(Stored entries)
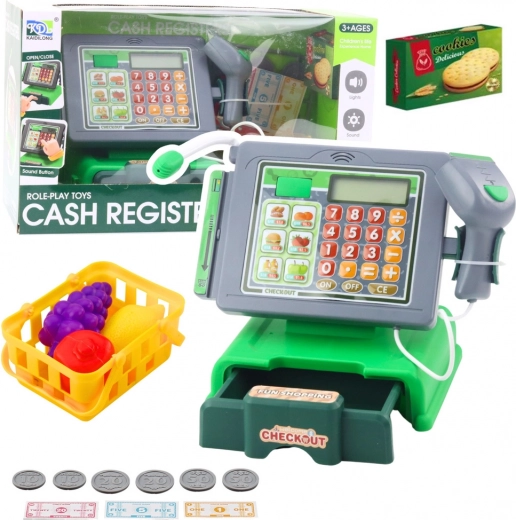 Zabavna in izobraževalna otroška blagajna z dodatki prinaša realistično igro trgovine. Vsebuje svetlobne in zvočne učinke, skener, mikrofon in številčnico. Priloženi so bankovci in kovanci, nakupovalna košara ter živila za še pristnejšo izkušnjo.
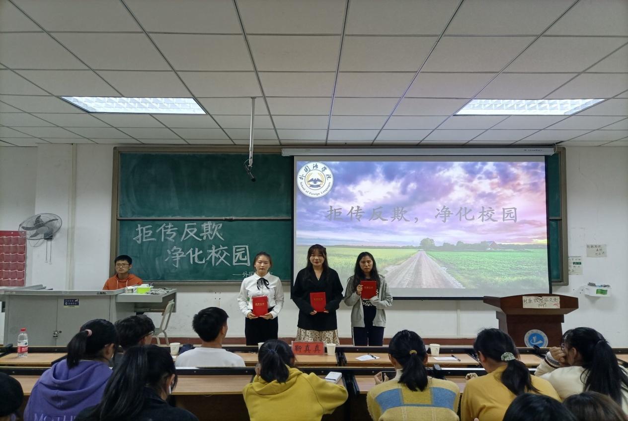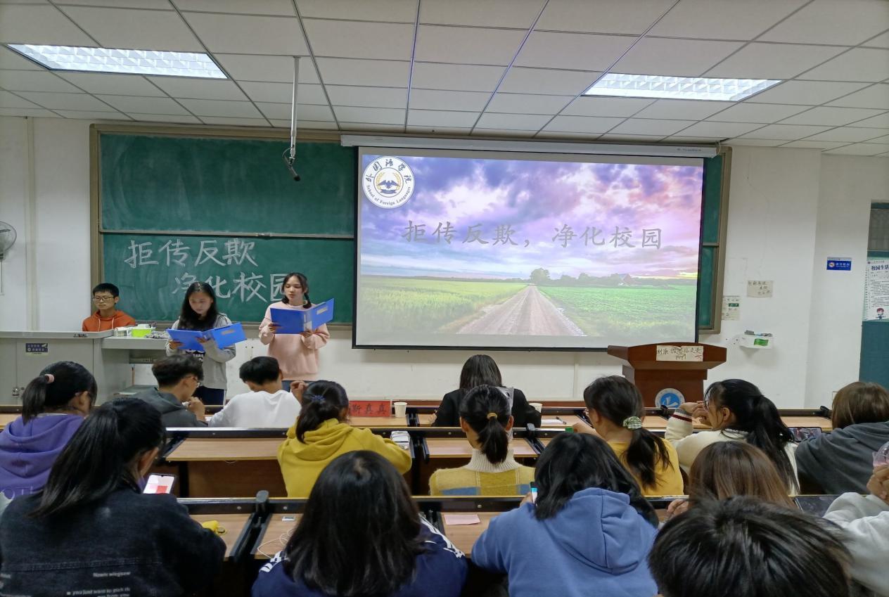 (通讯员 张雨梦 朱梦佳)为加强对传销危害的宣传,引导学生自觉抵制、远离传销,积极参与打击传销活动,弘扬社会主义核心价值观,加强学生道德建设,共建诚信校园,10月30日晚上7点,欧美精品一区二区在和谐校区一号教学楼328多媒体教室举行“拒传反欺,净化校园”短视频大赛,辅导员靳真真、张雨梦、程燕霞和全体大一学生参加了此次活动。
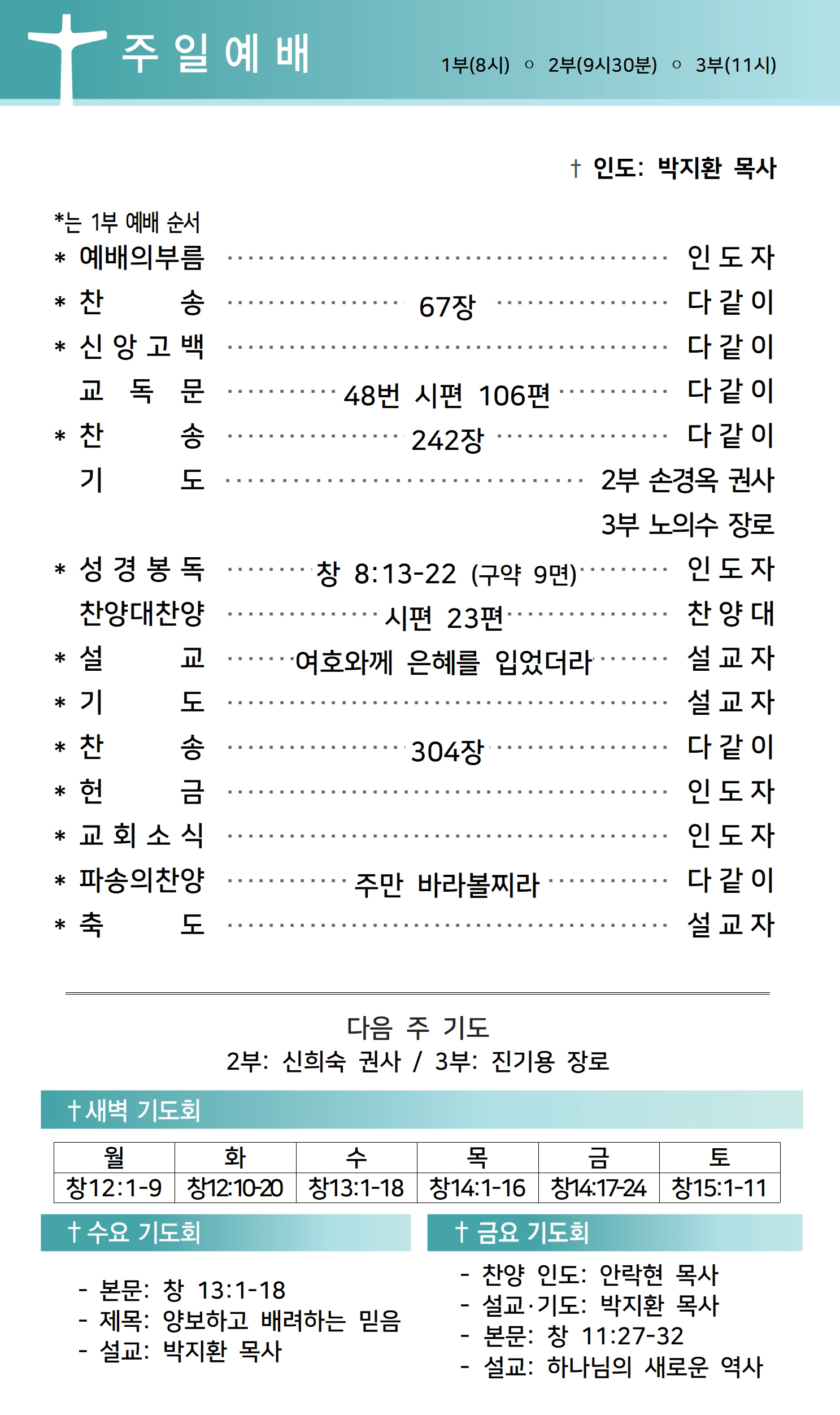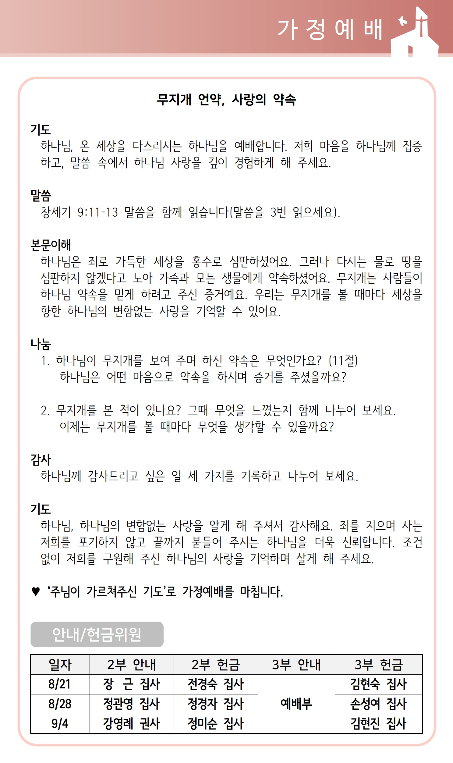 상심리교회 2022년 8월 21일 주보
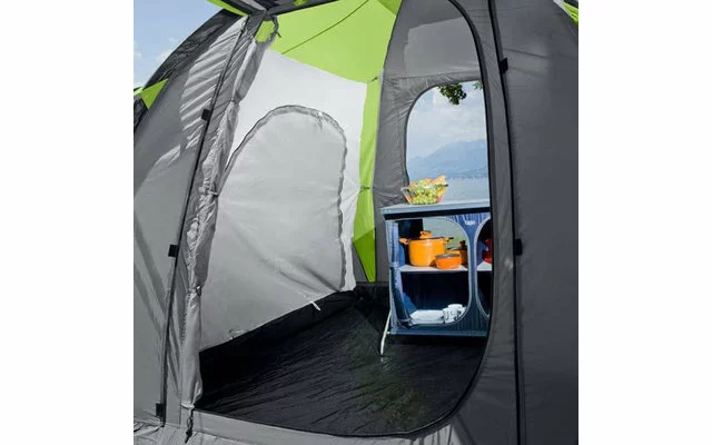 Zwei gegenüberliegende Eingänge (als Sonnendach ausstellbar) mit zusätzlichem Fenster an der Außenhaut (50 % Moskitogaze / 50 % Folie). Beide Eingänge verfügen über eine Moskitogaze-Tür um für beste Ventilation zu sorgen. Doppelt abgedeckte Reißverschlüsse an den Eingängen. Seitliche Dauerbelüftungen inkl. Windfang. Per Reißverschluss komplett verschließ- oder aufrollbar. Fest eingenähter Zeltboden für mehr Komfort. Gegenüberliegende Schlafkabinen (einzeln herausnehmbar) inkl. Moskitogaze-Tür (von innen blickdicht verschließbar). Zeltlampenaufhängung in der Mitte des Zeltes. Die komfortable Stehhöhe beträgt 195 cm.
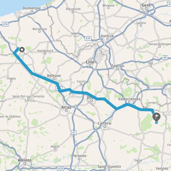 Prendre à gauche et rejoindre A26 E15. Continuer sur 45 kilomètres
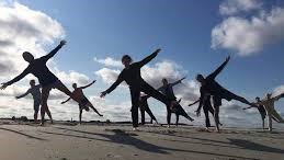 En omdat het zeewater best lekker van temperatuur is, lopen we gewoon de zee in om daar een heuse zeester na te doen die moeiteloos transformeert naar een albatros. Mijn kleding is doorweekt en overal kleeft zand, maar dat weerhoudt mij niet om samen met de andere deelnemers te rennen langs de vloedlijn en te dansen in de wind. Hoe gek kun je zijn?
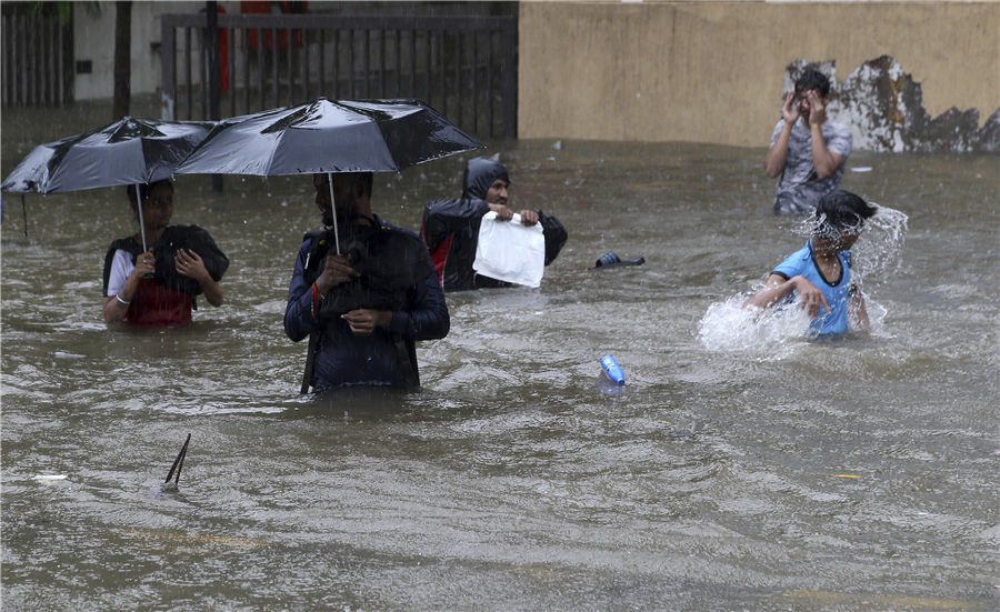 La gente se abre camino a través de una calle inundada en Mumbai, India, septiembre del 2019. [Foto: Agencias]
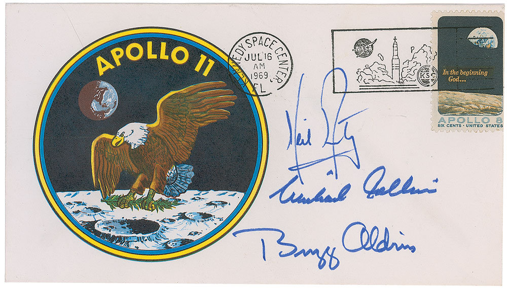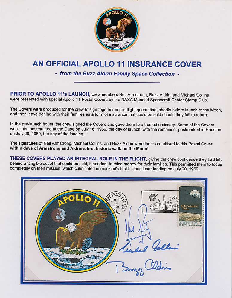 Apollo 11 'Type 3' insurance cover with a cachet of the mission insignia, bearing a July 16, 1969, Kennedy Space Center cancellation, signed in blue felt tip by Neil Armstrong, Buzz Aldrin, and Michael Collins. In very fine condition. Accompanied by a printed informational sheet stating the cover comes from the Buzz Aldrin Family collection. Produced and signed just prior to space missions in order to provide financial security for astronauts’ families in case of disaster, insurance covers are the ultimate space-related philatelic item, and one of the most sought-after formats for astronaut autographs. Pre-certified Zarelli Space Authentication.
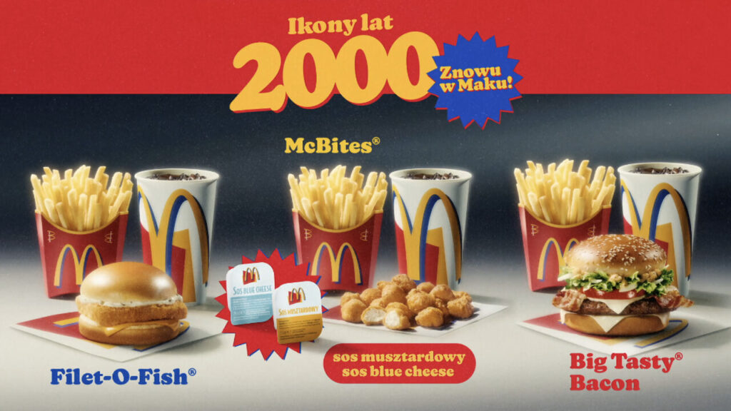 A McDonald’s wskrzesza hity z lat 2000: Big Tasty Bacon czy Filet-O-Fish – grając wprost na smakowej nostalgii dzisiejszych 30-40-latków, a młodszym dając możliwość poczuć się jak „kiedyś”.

THE TASK: In the data, the line that contains "Prendre à gauche" begins the part to write out; restate it and each line after it word for word through the end, with no pictures.

SOLUTION TO THIS PROBLEM:
 Prendre à gauche et rejoindre A26 E15. Continuer sur 45 kilomètres
 En omdat het zeewater best lekker van temperatuur is, lopen we gewoon de zee in om daar een heuse zeester na te doen die moeiteloos transformeert naar een albatros. Mijn kleding is doorweekt en overal kleeft zand, maar dat weerhoudt mij niet om samen met de andere deelnemers te rennen langs de vloedlijn en te dansen in de wind. Hoe gek kun je zijn?
 La gente se abre camino a través de una calle inundada en Mumbai, India, septiembre del 2019. [Foto: Agencias]
 Apollo 11 'Type 3' insurance cover with a cachet of the mission insignia, bearing a July 16, 1969, Kennedy Space Center cancellation, signed in blue felt tip by Neil Armstrong, Buzz Aldrin, and Michael Collins. In very fine condition. Accompanied by a printed informational sheet stating the cover comes from the Buzz Aldrin Family collection. Produced and signed just prior to space missions in order to provide financial security for astronauts’ families in case of disaster, insurance covers are the ultimate space-related philatelic item, and one of the most sought-after formats for astronaut autographs. Pre-certified Zarelli Space Authentication.
 A McDonald’s wskrzesza hity z lat 2000: Big Tasty Bacon czy Filet-O-Fish – grając wprost na smakowej nostalgii dzisiejszych 30-40-latków, a młodszym dając możliwość poczuć się jak „kiedyś”.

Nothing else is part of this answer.